Activity: In the entries that follow, find the line containing "Porjus kraftverk under" and the line containing "Das Chalet verfügt", then retype exactly the lines from the first through the second, pictures excluded.

Input material:
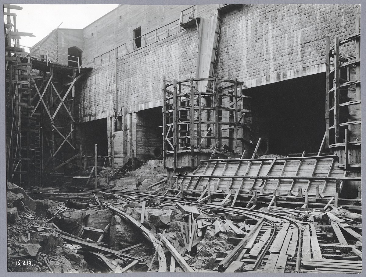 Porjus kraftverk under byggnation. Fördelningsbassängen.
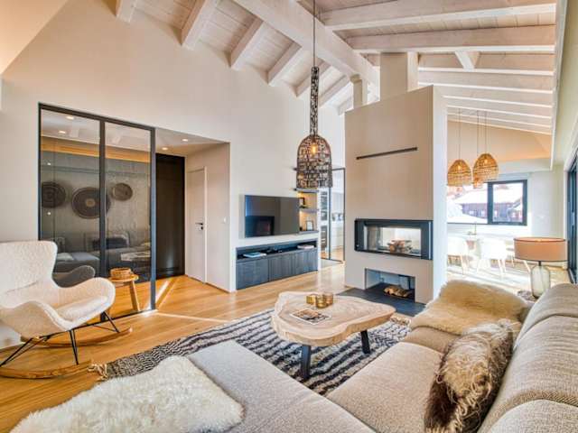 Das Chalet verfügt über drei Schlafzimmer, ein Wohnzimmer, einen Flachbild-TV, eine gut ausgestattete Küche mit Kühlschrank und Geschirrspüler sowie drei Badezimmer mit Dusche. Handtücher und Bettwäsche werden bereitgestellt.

==

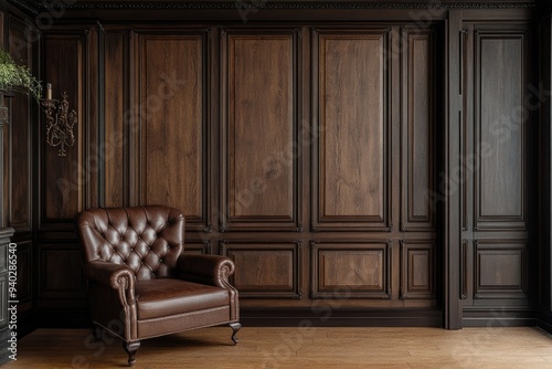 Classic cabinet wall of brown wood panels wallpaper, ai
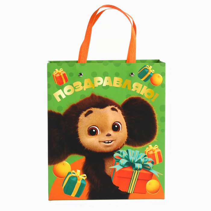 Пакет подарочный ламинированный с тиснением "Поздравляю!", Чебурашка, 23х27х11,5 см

--

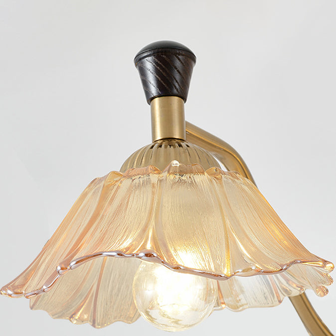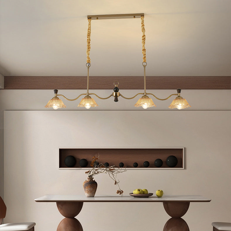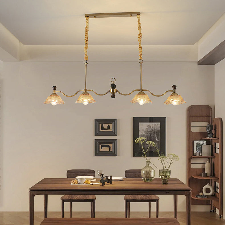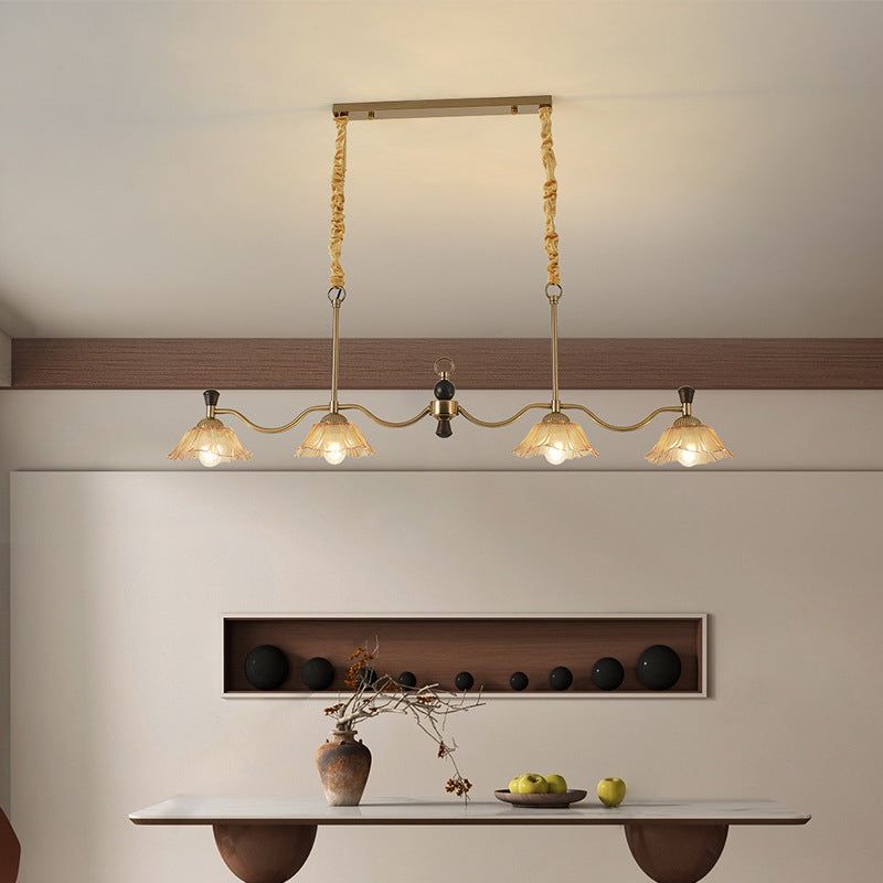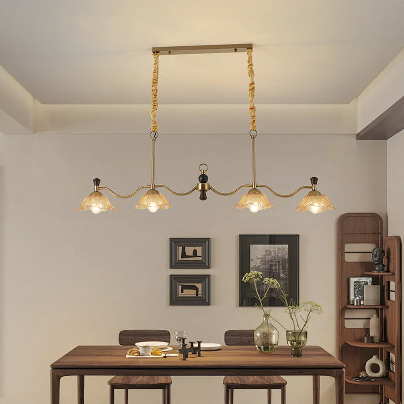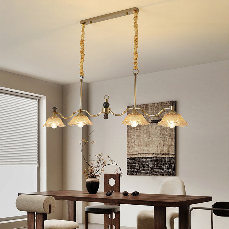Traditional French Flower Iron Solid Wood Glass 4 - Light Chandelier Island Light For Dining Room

Reply to the exercise:
 Porjus kraftverk under byggnation. Fördelningsbassängen.
 Das Chalet verfügt über drei Schlafzimmer, ein Wohnzimmer, einen Flachbild-TV, eine gut ausgestattete Küche mit Kühlschrank und Geschirrspüler sowie drei Badezimmer mit Dusche. Handtücher und Bettwäsche werden bereitgestellt.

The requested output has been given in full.